What this task involves: Your output should be the lines from the one containing "森(12画)久(3画)保(9画) 侑(8画)樹(16画)" through the end of the listing, exact and inclusive, with no pictures.

----- Supplied material -----

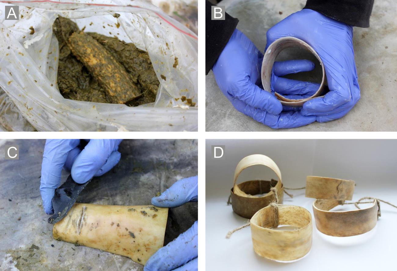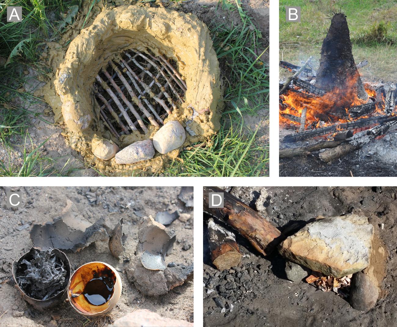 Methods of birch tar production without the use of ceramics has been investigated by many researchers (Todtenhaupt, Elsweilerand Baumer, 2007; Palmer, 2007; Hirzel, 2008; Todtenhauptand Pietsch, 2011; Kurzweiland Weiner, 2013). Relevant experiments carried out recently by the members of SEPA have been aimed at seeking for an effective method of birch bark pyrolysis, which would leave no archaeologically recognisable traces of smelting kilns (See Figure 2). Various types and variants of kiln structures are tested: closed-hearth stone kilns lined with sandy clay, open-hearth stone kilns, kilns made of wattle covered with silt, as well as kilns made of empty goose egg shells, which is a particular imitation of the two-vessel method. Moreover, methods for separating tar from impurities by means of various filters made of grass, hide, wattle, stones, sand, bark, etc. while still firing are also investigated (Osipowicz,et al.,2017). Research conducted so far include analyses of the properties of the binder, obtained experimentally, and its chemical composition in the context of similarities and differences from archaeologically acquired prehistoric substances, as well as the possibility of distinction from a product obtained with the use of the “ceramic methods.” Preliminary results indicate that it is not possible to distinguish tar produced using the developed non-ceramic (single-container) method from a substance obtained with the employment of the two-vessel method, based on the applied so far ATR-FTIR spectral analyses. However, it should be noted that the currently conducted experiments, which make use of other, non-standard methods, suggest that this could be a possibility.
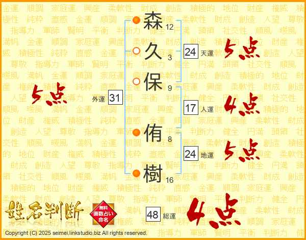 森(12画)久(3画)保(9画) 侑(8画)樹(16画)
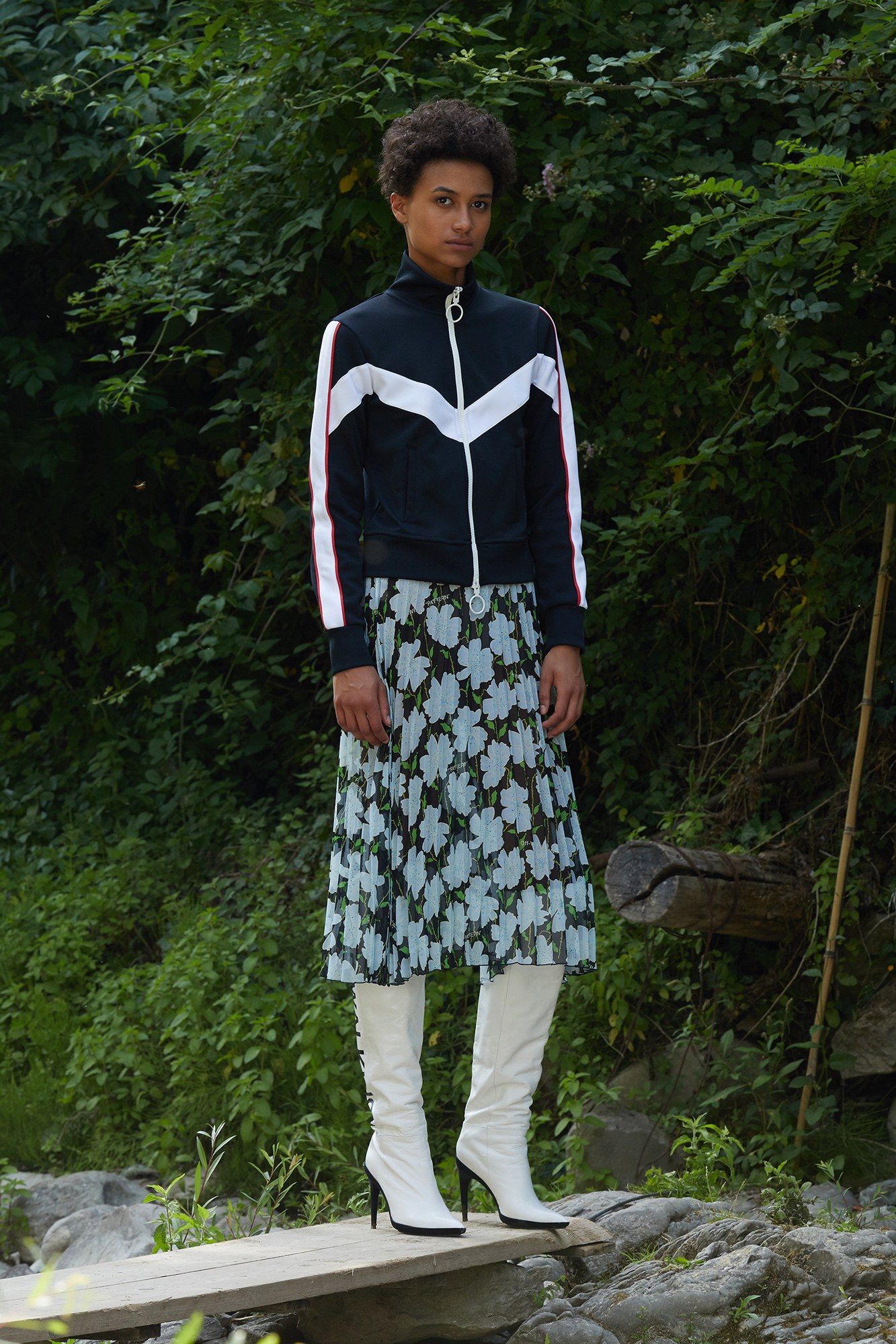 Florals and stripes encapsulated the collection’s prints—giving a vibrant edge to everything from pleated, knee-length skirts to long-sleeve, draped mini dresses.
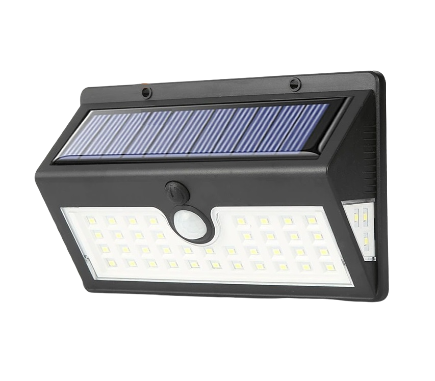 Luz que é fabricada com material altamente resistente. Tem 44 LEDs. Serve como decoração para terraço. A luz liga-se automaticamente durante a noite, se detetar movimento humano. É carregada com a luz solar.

-----

Reply:
 森(12画)久(3画)保(9画) 侑(8画)樹(16画)
 Florals and stripes encapsulated the collection’s prints—giving a vibrant edge to everything from pleated, knee-length skirts to long-sleeve, draped mini dresses.
 Luz que é fabricada com material altamente resistente. Tem 44 LEDs. Serve como decoração para terraço. A luz liga-se automaticamente durante a noite, se detetar movimento humano. É carregada com a luz solar.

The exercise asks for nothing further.